もちろん、彼女が本格的なクラシツクの曲、プロコフィエフやリストなどのピアノ協奏曲をどのやうに演奏するかといふことにも興味はあるが・・・。

2009年7月17日 (金)

BALLADS

Simg_3639_2 7月17日といふ日はジヤズ・フアンにとつて少なからず感慨深い日と言つてよいであらう。何故なら、ジヤズ界におけるベートーヴエンとも言ふべき存在のジヨン・コルトレーン(1926-1967)が亡くなつた日だからである。因みに、1959年のこの日に歌手のビリー・ホリデイも他界してゐる。

言ふまでもないが、ジヤズ史においてコルトレーンの残した功績は一際強烈な光りを放つてゐて、かつては「コルトレーン信者」といふ言葉が存在したほど、彼に対して特別な思ひを抱いてゐるジヤズ・フアンは多い。マイルス・デイビスの命日は知らなくてもコルトレーンのそれなら知つてゐるといふジヤズ・フアンも少なくないのである。

かく言ふ私もその一人で、「梅雨明け」や「パリ祭」といふ言葉を聞く頃になると、さうか、まうそろそろコルトレーンの命日が來るのかと思ふのである。と言つても、私の場合は父の命日がコルトレーンと近いので、より強く覚えてゐるだけなのかもしれないが。

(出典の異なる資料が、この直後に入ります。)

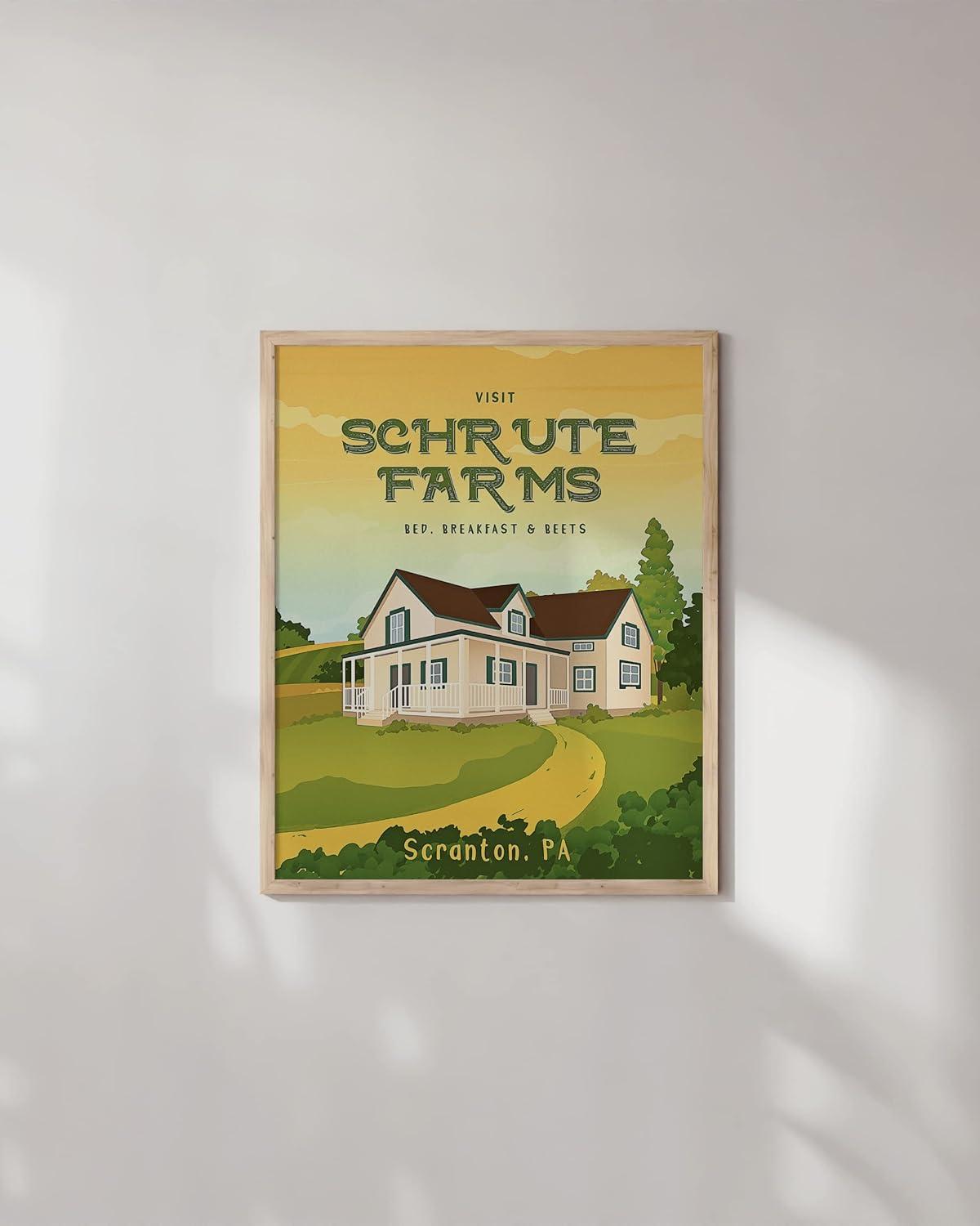 HAUS AND HUES The Office Dwight Schrute Poster, TV Show Wall Art, Funny Posters, Merchandise (Framed Beige, 12×16)(Schrute Farms)

それはともかく、コルトレーンの功績や私が彼に関して思つてゐるのことなどを語ればとても長くなりさうである。それは後日にして、今日は彼の代表的なアルバムの中の一枚を揚げておくことにしよう。ジヤズ・フアンなら誰でも知つてゐる「BALLADS]である。

昨年のことであつたと思ふが、このアルバムが世界的範囲で100万枚突破したいふことをニュースで聞いたことがある。1961年に発売されてから足かけ約半世紀かけてである。今後の記録媒体はどのやうなものになるか判らないが、漱石の「こころ」の文庫本のやうに、これからも少ない数ながらコンスタントに売れ続けてゆくのであらう。